Beginning with the line that contains "Sofitel Sentosa Resort", retype the entries below exactly, ending with the line that contains "Fashion Men Suit". Leave out any pictures.

RECORD EXCERPTS:
——————

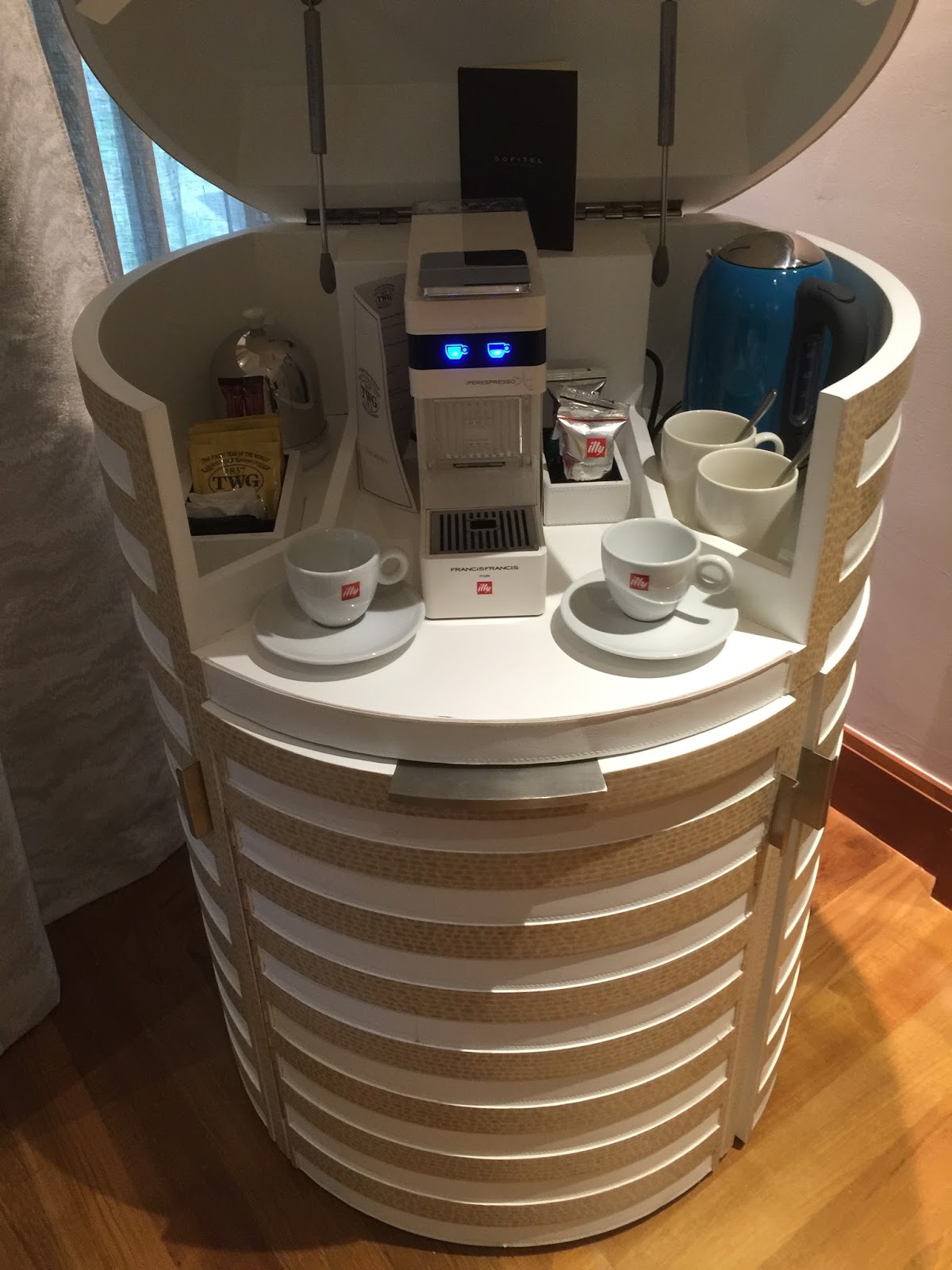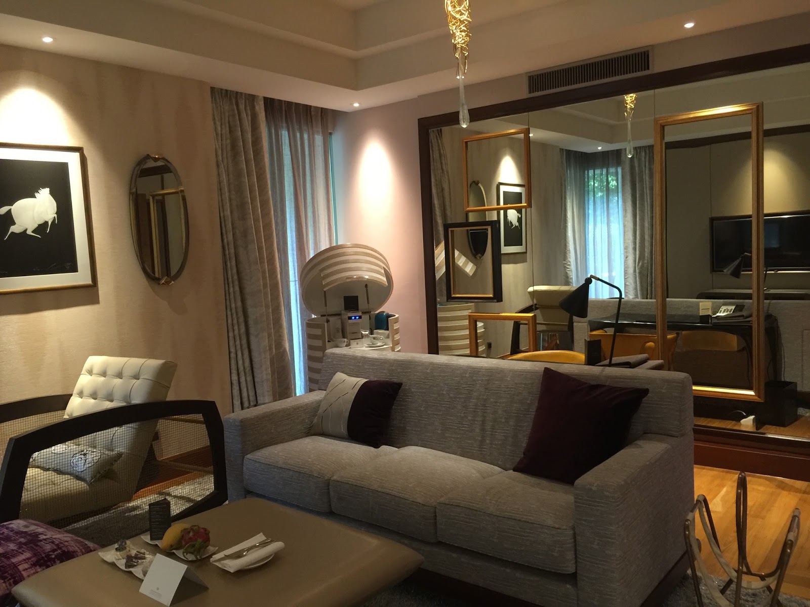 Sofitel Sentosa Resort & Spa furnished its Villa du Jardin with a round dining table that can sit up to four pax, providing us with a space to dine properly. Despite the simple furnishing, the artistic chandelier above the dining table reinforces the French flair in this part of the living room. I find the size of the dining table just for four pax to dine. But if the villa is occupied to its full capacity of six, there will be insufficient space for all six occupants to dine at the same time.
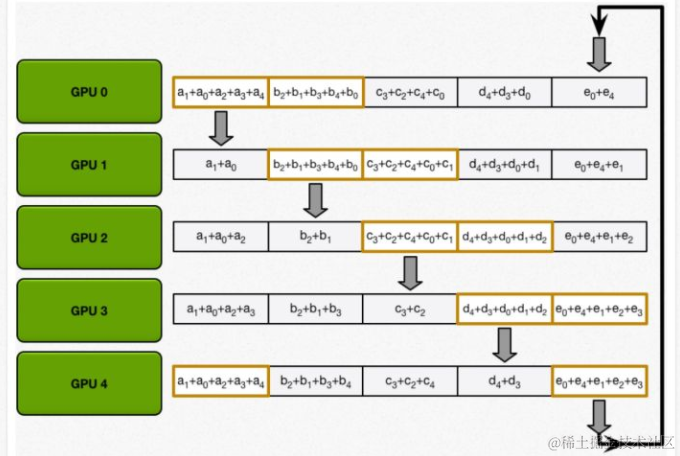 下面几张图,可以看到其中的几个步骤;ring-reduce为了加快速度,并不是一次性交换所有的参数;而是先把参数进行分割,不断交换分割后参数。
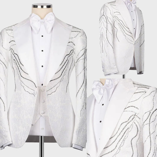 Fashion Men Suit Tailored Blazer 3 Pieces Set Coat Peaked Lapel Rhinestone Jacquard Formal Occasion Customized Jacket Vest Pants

——————

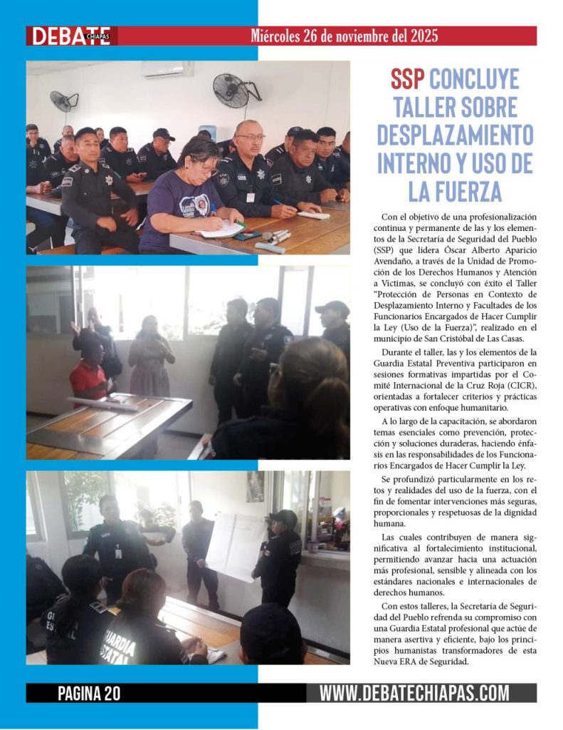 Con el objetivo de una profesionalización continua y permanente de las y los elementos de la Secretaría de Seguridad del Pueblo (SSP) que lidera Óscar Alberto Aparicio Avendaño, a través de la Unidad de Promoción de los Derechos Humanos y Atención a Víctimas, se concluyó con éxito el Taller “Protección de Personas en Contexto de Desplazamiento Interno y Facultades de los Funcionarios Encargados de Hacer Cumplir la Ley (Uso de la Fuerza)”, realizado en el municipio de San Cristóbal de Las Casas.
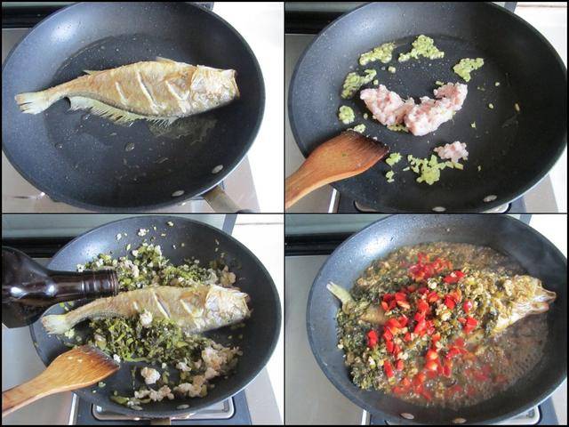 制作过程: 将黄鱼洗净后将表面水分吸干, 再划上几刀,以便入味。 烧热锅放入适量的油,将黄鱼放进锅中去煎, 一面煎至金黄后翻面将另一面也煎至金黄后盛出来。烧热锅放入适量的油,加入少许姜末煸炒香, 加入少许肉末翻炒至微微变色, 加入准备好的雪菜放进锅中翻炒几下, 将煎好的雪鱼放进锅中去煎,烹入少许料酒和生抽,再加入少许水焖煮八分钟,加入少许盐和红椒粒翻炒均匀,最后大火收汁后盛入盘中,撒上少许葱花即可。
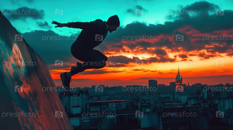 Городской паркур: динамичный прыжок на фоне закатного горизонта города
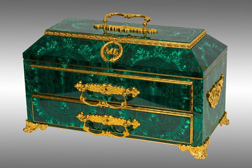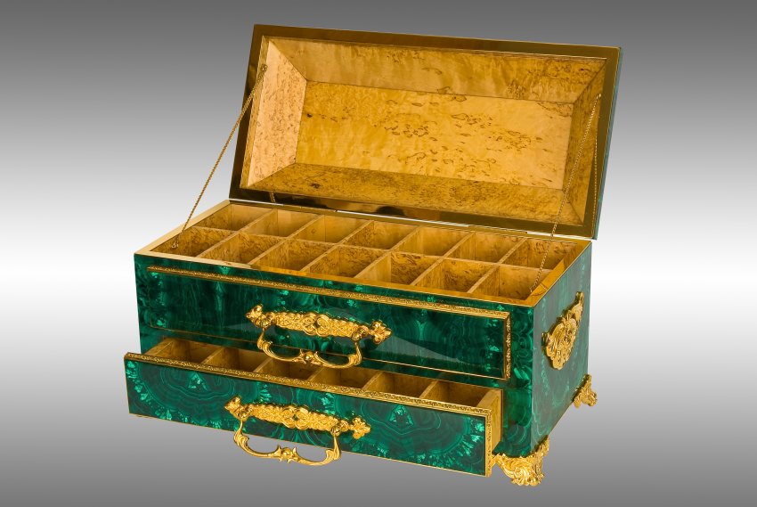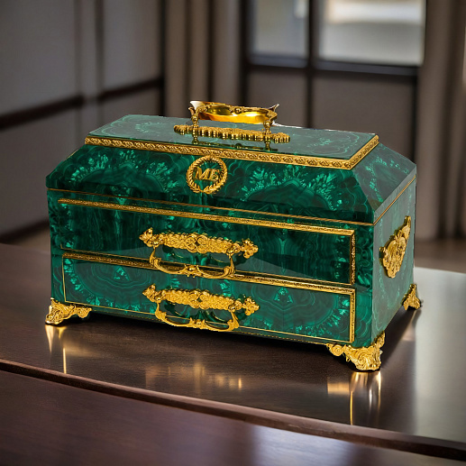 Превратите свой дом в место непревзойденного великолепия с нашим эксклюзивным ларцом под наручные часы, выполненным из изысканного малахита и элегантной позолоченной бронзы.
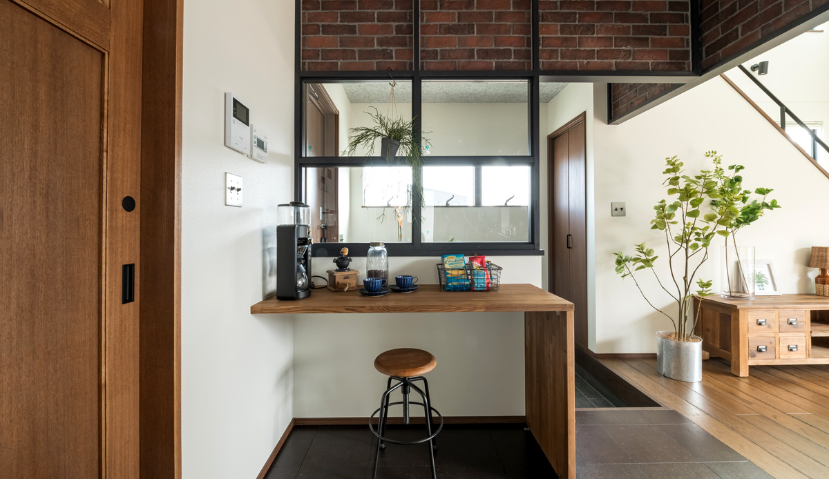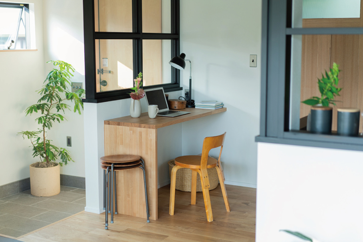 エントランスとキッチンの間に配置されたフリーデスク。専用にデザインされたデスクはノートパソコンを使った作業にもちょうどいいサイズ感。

——————

RESPONSE FOR THIS EXERCISE:
 Sofitel Sentosa Resort & Spa furnished its Villa du Jardin with a round dining table that can sit up to four pax, providing us with a space to dine properly. Despite the simple furnishing, the artistic chandelier above the dining table reinforces the French flair in this part of the living room. I find the size of the dining table just for four pax to dine. But if the villa is occupied to its full capacity of six, there will be insufficient space for all six occupants to dine at the same time.
 下面几张图,可以看到其中的几个步骤;ring-reduce为了加快速度,并不是一次性交换所有的参数;而是先把参数进行分割,不断交换分割后参数。
 Fashion Men Suit Tailored Blazer 3 Pieces Set Coat Peaked Lapel Rhinestone Jacquard Formal Occasion Customized Jacket Vest Pants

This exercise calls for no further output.